So when Dickie had waited a little while he began to think, as one always does when people don't keep their appointments, that perhaps he had mistaken the time, or that the clock at the cottage was slow. And when he had waited a little longer, it seemed simply silly to be waiting at all. So he picked up his crutch and got up from the milestone where he had been sitting and set off to walk down to the Castle.

As he went he thought many things, and one of the things he thought was that the memories of King James's time had grown dim and distant—he looked down on Arden Castle and loved it, and felt that he asked no better than to live there all his life with his cousins and their father, and that, after all, the magic of a dream-life was not needed, when life itself was so good and happy.

And just as he was thinking this a twig cracked sharply in the hedge. Then a dozen twigs rustled and broke, and something like a great black bird seemed to fly out at him and fold him in its wings.

It was not a bird—he knew that the next moment—but a big, dark cloak, that some one had thrown over his head and shoulders, and through it strong hands were holding him.

"Hold yer noise!" said a voice; "if you so much as squeak it'll be the worse for you."

"Help!" shouted Dickie instantly.

He was thrown on to the ground. Hands fumbled, his face was cleared of the cloak, and a handkerchief with a round pebble in it was stuffed into his mouth so that he could not speak. Then he was dragged behind a hedge and held there, while two voices whispered above him. The cloak was over his head again now, and he could see nothing, but he could hear.
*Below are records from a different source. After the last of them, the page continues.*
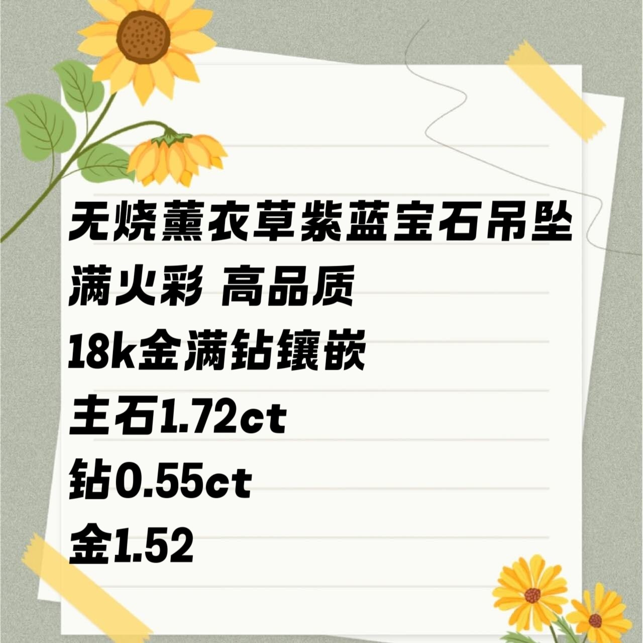 📚 天然薰衣草紫蓝宝石吊坠1.7克拉 金重1.5g 18k金满钻镶嵌
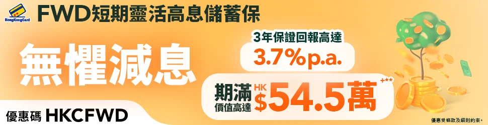 【限額發售¹】即日起至2026年1月31日,經FWD網上投保智快享儲蓄保險計劃,輸入優惠代碼「HKCFWD」,成功投保並以預繳選項方式繳交保費,即享:
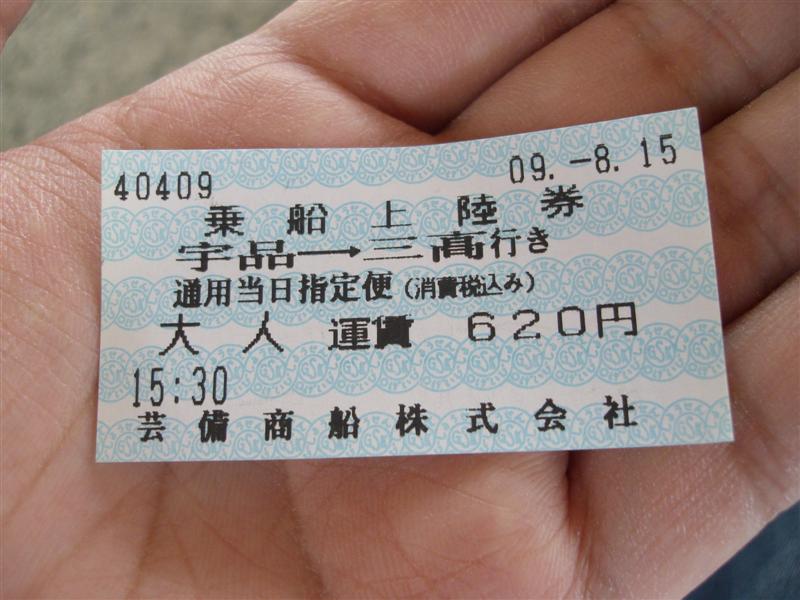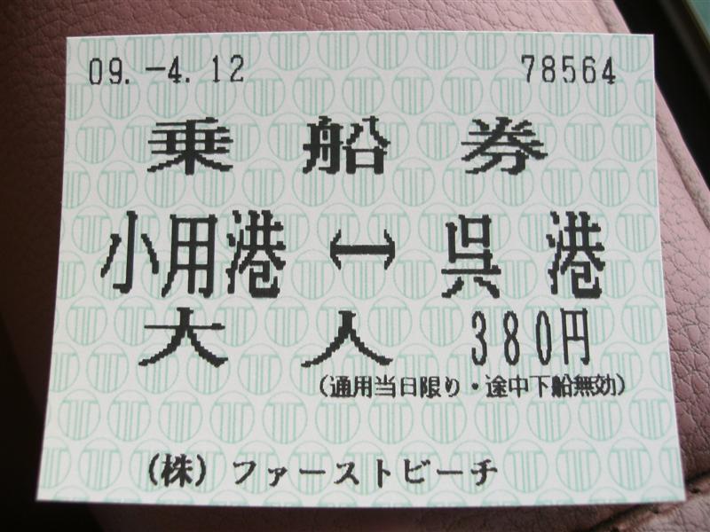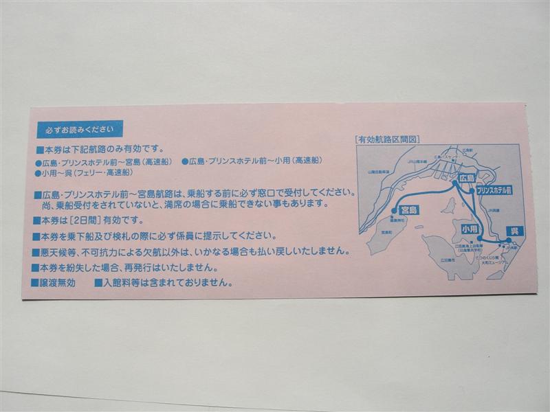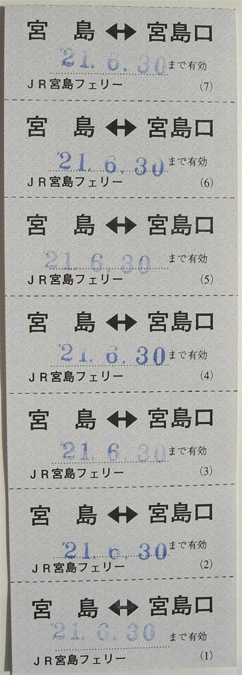普通乗船券としての代用発売ですから、当然回数券の冊子から切り離されるので、1冊まるごと購入するのでしたら、おそらく宇品で発売しているのでそちらで買うことをお勧めします。ただし、11枚つづりで10300円もしますが。
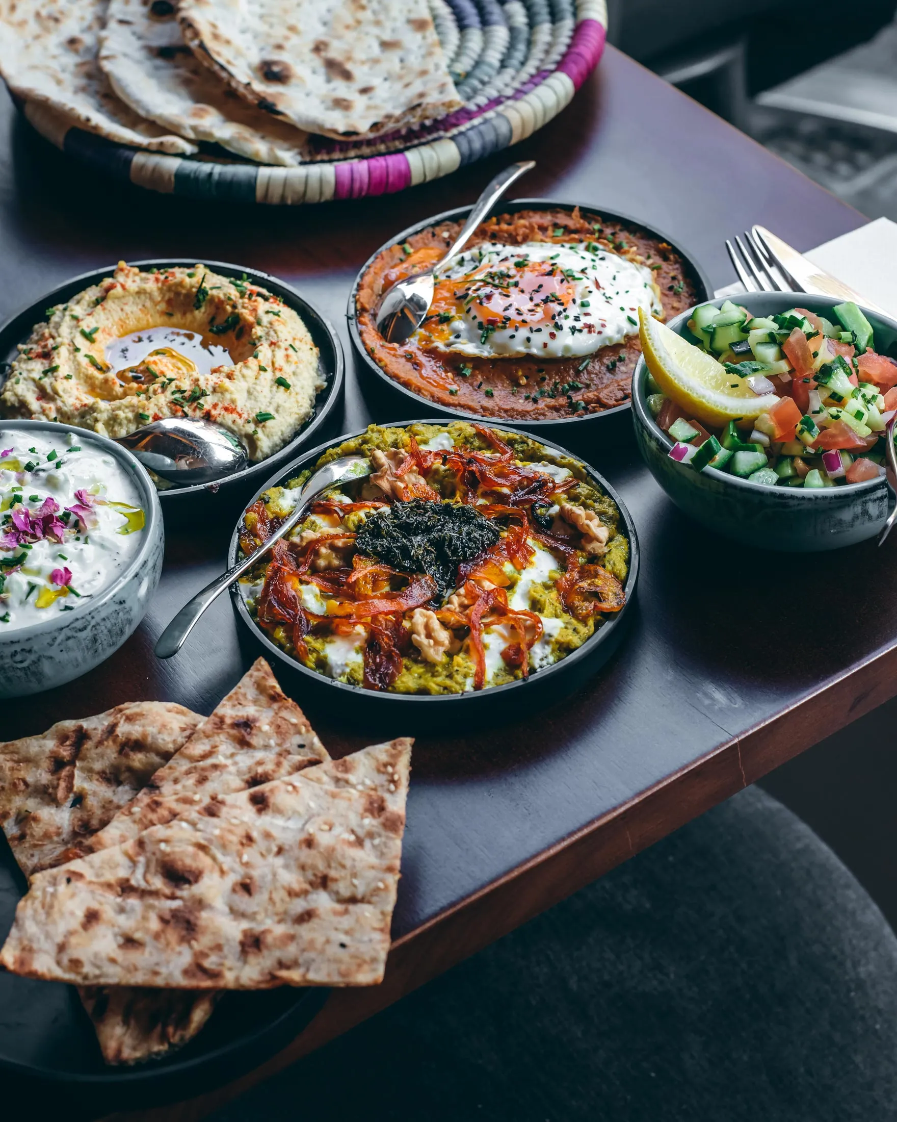 納魯恩餐廳供應包括鷹嘴豆泥、卡什克巴德姆醬(茄子蘸醬)、設拉子沙拉和桑加克麪包在內的各式菜餚。圖片來源:納魯恩 納魯恩,馬裏波恩及其他分店

He heard one of the voices say, "Hush! they're coming." And then he heard the sound of hoofs and wheels, and Lord Arden's jolly voice saying, "He must have walked on; we shall catch him up all right." Then the sound of wheels and hoofs died away, and hard hands pulled him to his feet and thrust the crutch under his arm.

"Step out!" said one of the voices, "and step out sharp—see?—or I'll l'arn you! There's a carriage awaiting for you."

He stepped out; there was nothing else to be done. They had taken the cloak from his eyes now, and he saw presently that they were nearing a coster's barrow.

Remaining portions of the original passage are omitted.